►

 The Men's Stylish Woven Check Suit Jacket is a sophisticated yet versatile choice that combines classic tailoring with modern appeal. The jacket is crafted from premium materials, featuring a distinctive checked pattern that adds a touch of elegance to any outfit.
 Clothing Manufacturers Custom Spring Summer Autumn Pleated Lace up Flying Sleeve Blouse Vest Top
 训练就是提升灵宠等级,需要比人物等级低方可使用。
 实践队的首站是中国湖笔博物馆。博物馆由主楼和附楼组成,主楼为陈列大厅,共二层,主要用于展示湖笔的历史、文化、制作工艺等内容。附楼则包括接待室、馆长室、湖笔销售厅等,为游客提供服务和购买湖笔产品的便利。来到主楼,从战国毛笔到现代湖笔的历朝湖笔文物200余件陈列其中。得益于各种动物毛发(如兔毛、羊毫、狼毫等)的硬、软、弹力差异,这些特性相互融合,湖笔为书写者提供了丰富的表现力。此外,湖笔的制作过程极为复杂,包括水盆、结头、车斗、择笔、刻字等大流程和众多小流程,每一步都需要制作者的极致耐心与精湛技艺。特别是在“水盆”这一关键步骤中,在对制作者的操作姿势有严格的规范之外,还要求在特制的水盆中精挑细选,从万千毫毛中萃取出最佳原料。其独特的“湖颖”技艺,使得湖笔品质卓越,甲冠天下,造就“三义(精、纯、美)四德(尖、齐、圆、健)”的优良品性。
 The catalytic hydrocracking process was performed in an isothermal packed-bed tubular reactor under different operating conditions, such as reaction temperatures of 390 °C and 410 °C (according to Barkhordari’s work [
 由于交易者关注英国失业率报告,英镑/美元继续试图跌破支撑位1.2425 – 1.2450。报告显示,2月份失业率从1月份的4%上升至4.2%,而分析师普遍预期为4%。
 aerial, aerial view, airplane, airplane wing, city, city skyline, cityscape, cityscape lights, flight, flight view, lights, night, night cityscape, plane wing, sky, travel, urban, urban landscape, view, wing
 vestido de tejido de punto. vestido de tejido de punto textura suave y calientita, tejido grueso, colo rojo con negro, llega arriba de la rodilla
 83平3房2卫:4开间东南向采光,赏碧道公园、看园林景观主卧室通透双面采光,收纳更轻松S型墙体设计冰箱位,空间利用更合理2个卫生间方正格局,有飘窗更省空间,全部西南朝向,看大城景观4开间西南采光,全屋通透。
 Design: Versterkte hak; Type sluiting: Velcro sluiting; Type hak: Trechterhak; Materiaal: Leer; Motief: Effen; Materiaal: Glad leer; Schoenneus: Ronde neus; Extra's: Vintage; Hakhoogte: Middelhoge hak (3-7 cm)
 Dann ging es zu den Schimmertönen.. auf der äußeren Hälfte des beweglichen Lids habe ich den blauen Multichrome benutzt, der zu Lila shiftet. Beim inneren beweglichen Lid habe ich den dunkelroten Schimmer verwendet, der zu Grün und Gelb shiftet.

◄

Exercise description: Everything above from the line containing "vestido de tejido de punto." down to the line containing "Design: Versterkte hak;" is to be transcribed exactly, with both of those lines included and nothing else added.

Task answer:
 vestido de tejido de punto. vestido de tejido de punto textura suave y calientita, tejido grueso, colo rojo con negro, llega arriba de la rodilla
 83平3房2卫:4开间东南向采光,赏碧道公园、看园林景观主卧室通透双面采光,收纳更轻松S型墙体设计冰箱位,空间利用更合理2个卫生间方正格局,有飘窗更省空间,全部西南朝向,看大城景观4开间西南采光,全屋通透。
 Design: Versterkte hak; Type sluiting: Velcro sluiting; Type hak: Trechterhak; Materiaal: Leer; Motief: Effen; Materiaal: Glad leer; Schoenneus: Ronde neus; Extra's: Vintage; Hakhoogte: Middelhoge hak (3-7 cm)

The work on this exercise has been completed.